The Practice of Council

Sitting in council together is different from a regular discussion; it’s a sway of gathering with intention, coming together consciously.  We share heartfully, we invite the soul to come forward and we rely on the sacred to guide us, rather than the ego.  When we sit in council each voice in the circle is considered to be equal to all the others, and with each individual contribution, the circle as a whole is enriched.  To allow this way of council to unfold and work well, there are certain guidelines we can follow.


1) Speak from our heart.  Speak what is true & has heartfelt meaning.
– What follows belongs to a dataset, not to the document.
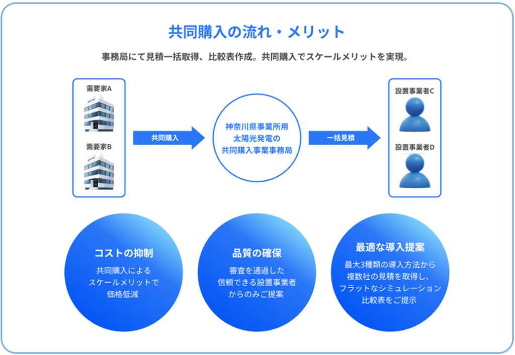 本事業は、共同調達によるスケールメリットを活かした価格低減を促すことで、さいたま市内の事業所に太陽光発電設備の導入を希望する事業者が、通常よりも安価に太陽光発電設備を導入できることを目指すものです。

Boldness is rarely inappropriate.

We encourage participants to speak from your own experience, using I-statements so that the tendency to blame others or speak in generalities is avoided, getting to the heart of the matter.

2) Listen with your heart.  Feel what the other person is saying rather than trying to understand it with your head.  See if you can get as sense of the speaker & their exp. without trying to quantify, rationalize or explain it.  Be present with them, not rehearsing what you are going to say when it is your turn, nor letting something they say take you away.

3) Be “lean of expression.”  When it is your turn, take a moment or so and check inside to see what is present to be shared. It may not even have words.  Don’t go into elaborate explanations that only serve to take you and everyone else into our heads. (concise)

4) Practice spontaneity.  Takes radical faith not to rehearse and trust that when we get the talking piece we will be able to access our hearts and find a way to express what’s there.  (and what was rehearsed may not even be relevant)

Like meditation – when you find yourself wandering or rehearsing, gently bring yourself back – to your own heart and the one of the person speaking.  It does sometimes feel like interactive meditation.


* Confidentiality (This is a strict rule. You can share your own experience but not that of anyone else.

* Speak only when you have the talking piece.  (exception: if you literally cannot hear the speaker, you can ask them to speak up)

* If you want to speak with someone later about something they shared in council, ask their permission before you jump in.  Be willing to accept a no without taking it personally.